• [Problem description] Pictures stay out of the copy, which must hold exactly the lines from the one containing "Vissersfiguur bij mistige" through the end of the material below.

• [Stored data]
=== Begin Enclosure ===
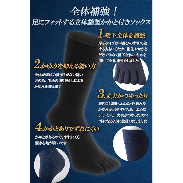 ✔【一年中役立つクルー丈】スーツでも肌が見えないちょうど良い長さ。(かかとから約23cm)肌触り、通気性、吸汗性にこだわった丁度良い厚さなので一年中使用できます。ビジネス・カジュアル・冠婚葬祭・スポーツにも良し。✔【足にしっかりフィット】丈夫な履口と丁寧で細い編み方で全体フィットし、柔らかくズレにくいです。人体工学立体成形でかかとにピッタリで擦り切れにくいです。もっと踏ん張れます!
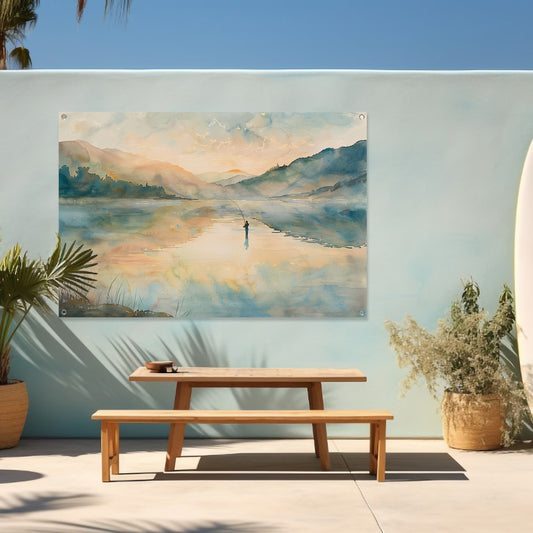 Vissersfiguur bij mistige bergmeer zonsopgang tuinposter
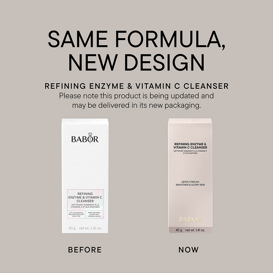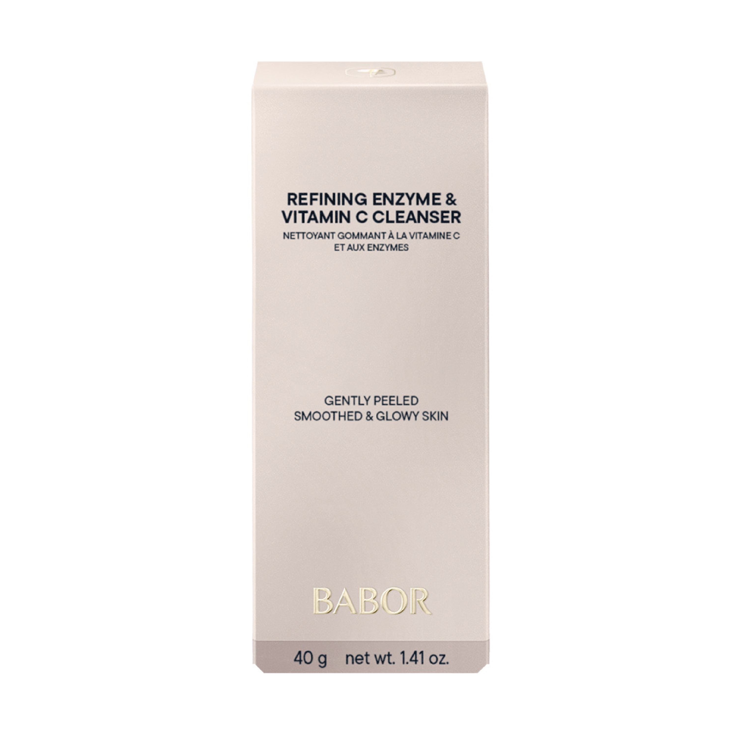 BABOR Refining Enzyme & Vitamin C Cleanser gir en intensiv rens av huden ved hjelp av sin milde peeling-effekt. Ansiktsrensen bidrar til en mykere hud med en mer naturlig glød, og forbedret hudtone.
=== End Enclosure ===
• [Task solution]
 Vissersfiguur bij mistige bergmeer zonsopgang tuinposter
 BABOR Refining Enzyme & Vitamin C Cleanser gir en intensiv rens av huden ved hjelp av sin milde peeling-effekt. Ansiktsrensen bidrar til en mykere hud med en mer naturlig glød, og forbedret hudtone.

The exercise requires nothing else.